Focus only on power generators: Why the excess profit tax does not come like this

When they called for a tax on excess profits, the SPD and the Greens actually had the dealers in fossil fuels in mind - now profits from power generators who produce electricity using renewable energies are to be skimmed off in particular.

Focus only on power generators: Why the excess profit tax does not come like this

When they called for a tax on excess profits, the SPD and the Greens actually had the dealers in fossil fuels in mind - now profits from power generators who produce electricity using renewable energies are to be skimmed off in particular. In fact, they should be encouraged.

Because communication in politics is almost as important as the content, the SPD has previously given legislative projects euphonious names - such as the "Good Daycare Act". On Sunday, the traffic light government turned the "excess profit" from energy companies into a "chance profit" in order to defuse a coalition dispute. In 22 hours of negotiations, the leaders of the SPD, Greens and FDP found a regulation that turns a tax under discussion into a kind of levy - and, what is much more important, dramatically changes the circles of those who have to pay.

Actually, the SPD and the Greens had large international energy companies in mind when they called for excess profits to be taxed. This is important for the sense of justice, they argued. On the one hand, they referred to the unexpectedly high profits that some companies were making because of the sharp rise in gas and oil prices - and on the other hand to the high prices consumers have to pay. FDP leader and Finance Minister Christian Lindner, on the other hand, repeatedly referred to legal problems and the difficult demarcation of which companies should be taxed for those unexpected profits that economists refer to as "random profits" or "windfall profits".
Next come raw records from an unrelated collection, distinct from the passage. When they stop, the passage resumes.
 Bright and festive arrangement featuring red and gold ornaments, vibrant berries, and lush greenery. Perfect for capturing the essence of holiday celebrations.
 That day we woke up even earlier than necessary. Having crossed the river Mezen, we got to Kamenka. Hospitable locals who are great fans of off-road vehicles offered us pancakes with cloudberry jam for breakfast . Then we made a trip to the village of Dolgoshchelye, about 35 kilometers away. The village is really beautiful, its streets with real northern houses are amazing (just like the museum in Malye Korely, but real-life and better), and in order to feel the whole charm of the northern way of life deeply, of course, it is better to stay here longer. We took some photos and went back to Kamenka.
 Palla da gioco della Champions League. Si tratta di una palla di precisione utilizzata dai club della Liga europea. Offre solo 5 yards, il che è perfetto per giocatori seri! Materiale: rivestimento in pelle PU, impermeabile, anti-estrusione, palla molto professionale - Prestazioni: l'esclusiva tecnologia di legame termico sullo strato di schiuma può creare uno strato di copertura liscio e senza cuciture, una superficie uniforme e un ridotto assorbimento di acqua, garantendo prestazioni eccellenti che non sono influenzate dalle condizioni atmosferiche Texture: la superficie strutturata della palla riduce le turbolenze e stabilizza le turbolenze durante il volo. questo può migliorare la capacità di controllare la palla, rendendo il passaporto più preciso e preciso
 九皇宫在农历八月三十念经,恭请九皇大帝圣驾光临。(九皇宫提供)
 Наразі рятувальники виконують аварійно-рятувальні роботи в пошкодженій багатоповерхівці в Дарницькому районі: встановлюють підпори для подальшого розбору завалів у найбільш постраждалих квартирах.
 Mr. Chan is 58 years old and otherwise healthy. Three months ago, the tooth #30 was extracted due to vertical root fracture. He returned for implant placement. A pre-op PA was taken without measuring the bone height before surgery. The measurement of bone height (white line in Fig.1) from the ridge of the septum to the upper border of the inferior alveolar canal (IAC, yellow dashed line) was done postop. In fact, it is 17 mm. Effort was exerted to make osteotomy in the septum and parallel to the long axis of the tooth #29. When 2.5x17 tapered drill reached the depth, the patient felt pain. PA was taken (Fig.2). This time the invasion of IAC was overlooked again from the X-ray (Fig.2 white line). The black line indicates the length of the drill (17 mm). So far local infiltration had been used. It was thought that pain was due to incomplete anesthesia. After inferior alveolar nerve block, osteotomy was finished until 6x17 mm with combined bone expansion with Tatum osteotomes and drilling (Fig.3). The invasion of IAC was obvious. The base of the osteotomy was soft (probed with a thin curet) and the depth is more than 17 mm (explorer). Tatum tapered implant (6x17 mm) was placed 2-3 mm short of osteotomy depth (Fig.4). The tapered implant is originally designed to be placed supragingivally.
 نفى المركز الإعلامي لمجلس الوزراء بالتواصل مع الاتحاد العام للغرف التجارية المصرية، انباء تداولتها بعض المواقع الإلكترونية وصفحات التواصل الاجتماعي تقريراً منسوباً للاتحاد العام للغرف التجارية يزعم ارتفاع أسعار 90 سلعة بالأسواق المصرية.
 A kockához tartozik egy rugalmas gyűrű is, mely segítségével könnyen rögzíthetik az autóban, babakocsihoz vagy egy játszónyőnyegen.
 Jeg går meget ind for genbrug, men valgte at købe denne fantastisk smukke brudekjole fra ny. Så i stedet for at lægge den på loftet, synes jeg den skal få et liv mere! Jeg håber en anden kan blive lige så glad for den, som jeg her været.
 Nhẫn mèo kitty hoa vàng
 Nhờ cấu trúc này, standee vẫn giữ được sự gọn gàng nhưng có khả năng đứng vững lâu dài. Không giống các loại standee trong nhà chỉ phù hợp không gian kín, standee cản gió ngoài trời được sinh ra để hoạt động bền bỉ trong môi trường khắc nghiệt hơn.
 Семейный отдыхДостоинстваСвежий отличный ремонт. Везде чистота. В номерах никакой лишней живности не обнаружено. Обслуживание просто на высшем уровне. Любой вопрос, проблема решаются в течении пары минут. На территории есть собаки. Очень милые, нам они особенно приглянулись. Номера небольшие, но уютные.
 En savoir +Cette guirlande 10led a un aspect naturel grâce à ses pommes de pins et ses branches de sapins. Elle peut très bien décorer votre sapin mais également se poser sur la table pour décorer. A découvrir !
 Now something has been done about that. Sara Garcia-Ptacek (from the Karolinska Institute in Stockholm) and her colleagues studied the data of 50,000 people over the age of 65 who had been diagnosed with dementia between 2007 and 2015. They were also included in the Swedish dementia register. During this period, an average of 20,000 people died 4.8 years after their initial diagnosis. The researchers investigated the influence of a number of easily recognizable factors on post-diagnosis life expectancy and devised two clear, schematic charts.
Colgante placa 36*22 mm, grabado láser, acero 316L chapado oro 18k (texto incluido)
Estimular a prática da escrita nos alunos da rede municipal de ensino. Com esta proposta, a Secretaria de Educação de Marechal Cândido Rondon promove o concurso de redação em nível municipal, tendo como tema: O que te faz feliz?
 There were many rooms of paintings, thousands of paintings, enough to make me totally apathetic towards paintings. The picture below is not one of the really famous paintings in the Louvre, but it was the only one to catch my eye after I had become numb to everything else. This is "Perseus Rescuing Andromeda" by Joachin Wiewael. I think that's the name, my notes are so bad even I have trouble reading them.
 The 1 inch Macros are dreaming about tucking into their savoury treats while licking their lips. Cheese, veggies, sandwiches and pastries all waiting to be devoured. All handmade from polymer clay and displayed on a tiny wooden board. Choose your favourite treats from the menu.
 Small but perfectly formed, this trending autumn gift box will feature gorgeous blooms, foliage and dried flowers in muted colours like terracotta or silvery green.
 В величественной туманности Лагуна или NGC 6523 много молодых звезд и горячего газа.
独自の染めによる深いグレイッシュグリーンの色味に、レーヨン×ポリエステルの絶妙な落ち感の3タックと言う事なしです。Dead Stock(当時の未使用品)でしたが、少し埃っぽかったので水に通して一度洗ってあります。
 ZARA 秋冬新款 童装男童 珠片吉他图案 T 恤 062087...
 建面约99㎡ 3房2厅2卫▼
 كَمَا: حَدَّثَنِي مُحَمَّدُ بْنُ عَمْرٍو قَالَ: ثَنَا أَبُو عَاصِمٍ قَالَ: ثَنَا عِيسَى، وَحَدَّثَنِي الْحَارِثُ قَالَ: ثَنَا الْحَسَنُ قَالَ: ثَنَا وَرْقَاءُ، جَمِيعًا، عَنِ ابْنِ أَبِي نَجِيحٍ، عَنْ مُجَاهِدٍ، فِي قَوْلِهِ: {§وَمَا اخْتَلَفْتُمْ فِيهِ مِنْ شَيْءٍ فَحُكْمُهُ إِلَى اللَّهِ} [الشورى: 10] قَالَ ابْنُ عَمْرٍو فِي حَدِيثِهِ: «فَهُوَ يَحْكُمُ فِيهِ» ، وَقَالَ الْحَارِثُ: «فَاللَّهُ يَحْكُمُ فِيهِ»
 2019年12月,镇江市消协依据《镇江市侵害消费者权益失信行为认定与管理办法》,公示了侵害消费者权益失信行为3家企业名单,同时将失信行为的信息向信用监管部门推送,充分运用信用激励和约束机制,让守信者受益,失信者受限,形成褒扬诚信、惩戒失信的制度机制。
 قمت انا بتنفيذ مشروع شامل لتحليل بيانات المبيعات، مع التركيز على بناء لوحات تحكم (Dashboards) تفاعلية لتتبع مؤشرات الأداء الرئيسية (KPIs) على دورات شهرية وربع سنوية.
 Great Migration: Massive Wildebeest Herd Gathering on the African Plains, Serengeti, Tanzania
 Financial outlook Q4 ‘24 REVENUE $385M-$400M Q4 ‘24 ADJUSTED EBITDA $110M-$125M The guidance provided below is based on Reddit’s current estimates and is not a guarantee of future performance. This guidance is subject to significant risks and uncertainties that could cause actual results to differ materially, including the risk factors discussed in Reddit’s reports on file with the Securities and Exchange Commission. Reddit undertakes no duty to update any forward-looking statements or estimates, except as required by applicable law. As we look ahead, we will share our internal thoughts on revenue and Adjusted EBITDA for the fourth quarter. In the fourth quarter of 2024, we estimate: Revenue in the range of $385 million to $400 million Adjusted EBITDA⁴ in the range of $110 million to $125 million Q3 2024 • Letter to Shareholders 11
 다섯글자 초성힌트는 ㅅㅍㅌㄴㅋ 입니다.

Lindner's rejection was not only because the FDP has a general aversion to new and higher taxes. Economics Minister Robert Habeck from the Greens also referred to problems with implementation at the penultimate cabinet meeting in Meseberg. A system was now chosen in the relief package that starts at a completely different point - namely only with the power generators. Because the government points out that, for example, a power generator that generates wind power at a cost of, for example, 4.5 cents per kilowatt hour suddenly has income when the price of electricity shoots up.

The federal government now wants to skim off part of this money in order to be able to lower the electricity price for everyone. "The skimming of chance profits is only fair," said Habeck. Because energy companies that produce wind, solar, coal or nuclear power, for example, earn "an insane amount of money" according to the current mechanisms of the European electricity market. The idea of ​​an excess profit tax was still aimed at producers and dealers in fossil fuels. However, most of these are located abroad. Now it is also about those companies or people who feed in wind or solar power.

Actually, the "merit order" principle when calculating electricity prices based on the price of the most expensive supplier was intended to favor exactly these producers of green electricity because they have the lowest production costs. The ulterior motive: Then more green electricity is produced because the profit margin is the greatest. However, the government is now arguing that this incentive system will be reduced to absurdity if the maximum price shoots up too much. In government circles it is argued that, at least in principle, nothing has changed: those who produce the cheapest products still have the greatest profit even when setting a price limit from which "accidental profits" are skimmed off.